Below is a listing; print exactly its lines from the one containing "Καραμελέ ανταύγειες που" down to the one containing "Em uma taça", both inclusive, with every picture left out.
(Beginning of RECORDS TO PROCESS)
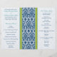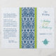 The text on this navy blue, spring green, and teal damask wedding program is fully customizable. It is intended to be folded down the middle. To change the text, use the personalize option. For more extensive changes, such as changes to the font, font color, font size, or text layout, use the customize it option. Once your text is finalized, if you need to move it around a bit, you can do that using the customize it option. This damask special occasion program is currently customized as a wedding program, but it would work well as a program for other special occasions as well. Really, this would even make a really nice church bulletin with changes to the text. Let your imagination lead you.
(End of RECORDS TO PROCESS)
(Beginning of RECORDS TO PROCESS)
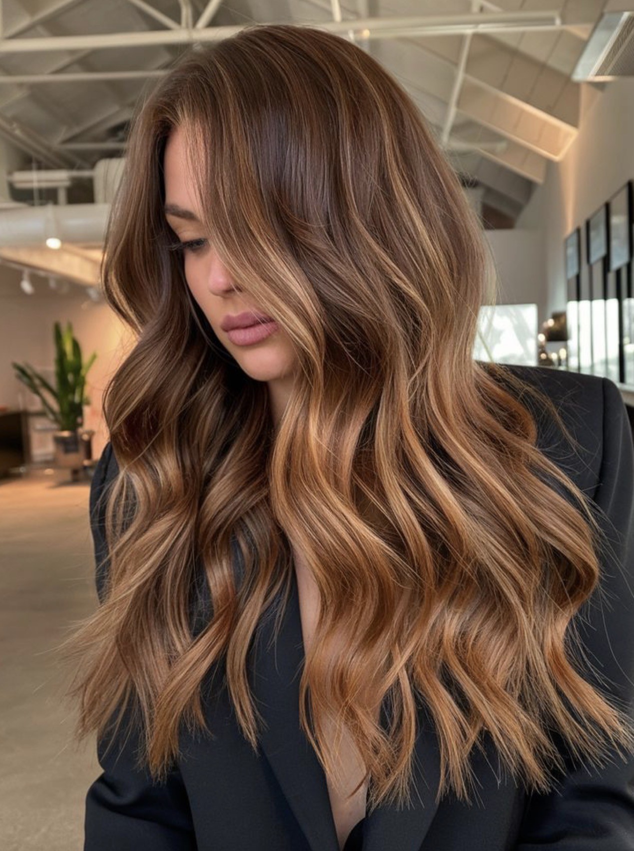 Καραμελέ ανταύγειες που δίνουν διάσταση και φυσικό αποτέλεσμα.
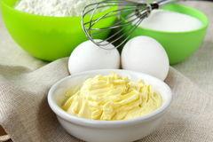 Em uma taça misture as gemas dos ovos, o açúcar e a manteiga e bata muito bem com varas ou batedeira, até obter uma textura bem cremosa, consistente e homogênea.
(End of RECORDS TO PROCESS)
→ **TASK RESULT**
 Καραμελέ ανταύγειες που δίνουν διάσταση και φυσικό αποτέλεσμα.
 Em uma taça misture as gemas dos ovos, o açúcar e a manteiga e bata muito bem com varas ou batedeira, até obter uma textura bem cremosa, consistente e homogênea.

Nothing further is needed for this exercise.